Roześmiała się, a Gavin pochylił się i pocałował ją delikatnie w nagie kolano.
-Jak zrobisz sobie krzywdę to ci tego nie wybaczę. - mruknął, podwijając jej koszulę i muskając ustami najpierw gładką skórę na udzie, a potem bladą bliznę na brzuchu po postrzale.
Chciała mu coś odpowiedzieć, ale wyprostował się, złapał ją za biodra i przyciągnął bliżej do siebie.
Krzyknęła cicho zaskoczona, ale Reed natychmiast zakrył jej usta dłonią.
-Cśśśś... - syknął rozbawiony, cofając rękę - Nie chcemy obudzić potwora za ścianą.

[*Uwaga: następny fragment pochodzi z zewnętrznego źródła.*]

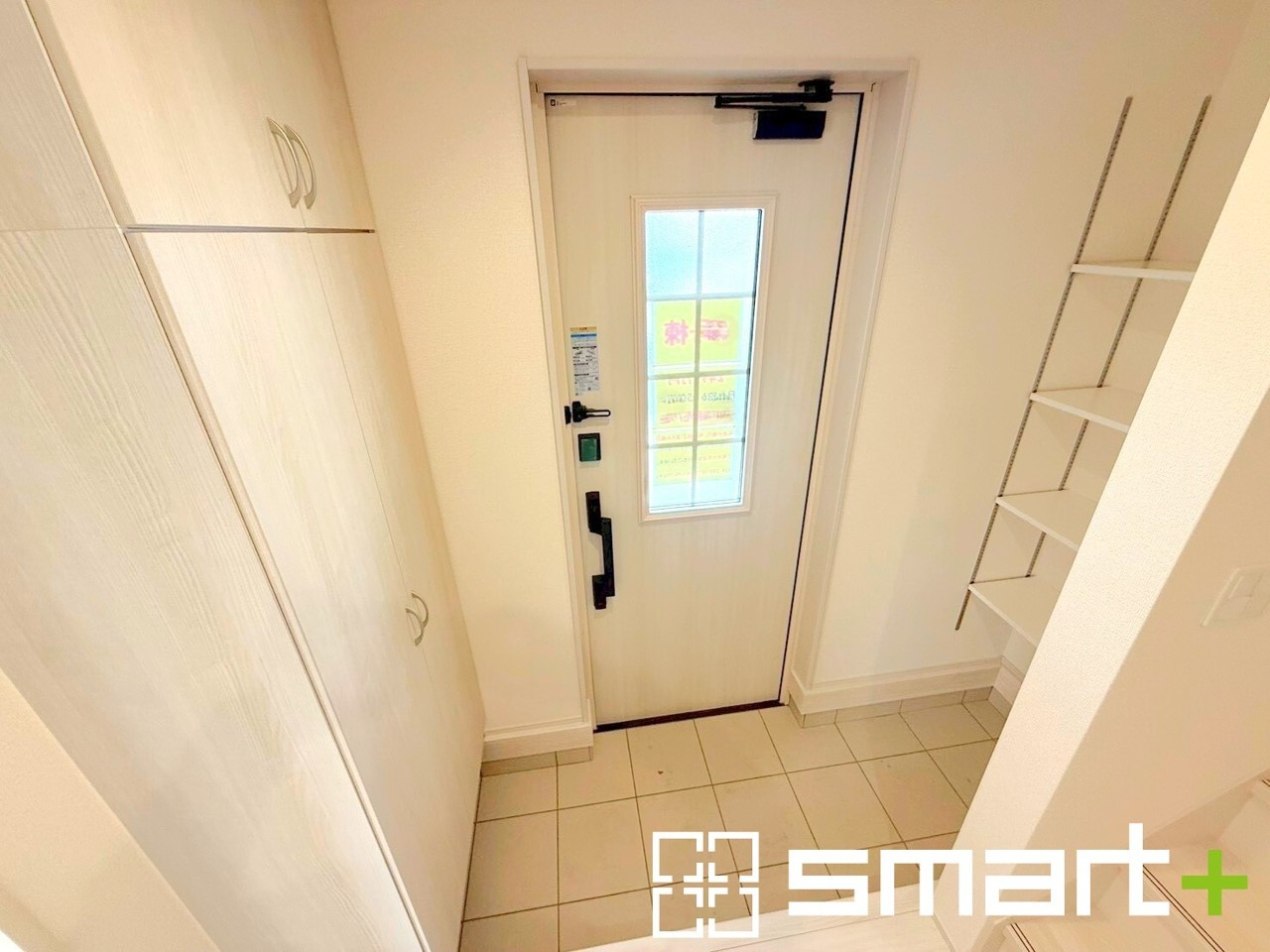 ~シューズインクロークのある玄関~ ・玄関にはシューズインクローク完備。ベビーカーやゴルフバッグ、お子様のスポーツ用品などたくさん収納できます。 ・便利な稼働式の棚付きが嬉しいですね。 (4号棟)

Uśmiechnęła się z zadowoleniem.
-W takim razie lepiej mnie pocałuj.
***
Babooshka - Kate Bush
Jeffrey Fowler nie miał łatwego zadania, kiedy dowiedział się, że paru jego szczególnie dobrych oficerów planuje tymczasową zmianę pracy. Nie spodziewał się również, że wszyscy się dostaną i paskudna sytuacja kadrowa w której się znalazł wyjątkowo go zmęczyła, udało mu się jednak nie dopuścić do tego, by komenda rozleciała się na kawałki.
I tym sposobem cała ich czwórka stała się częścią zespołu, który zdaniem Thomasa Howarda skazany był na porażkę.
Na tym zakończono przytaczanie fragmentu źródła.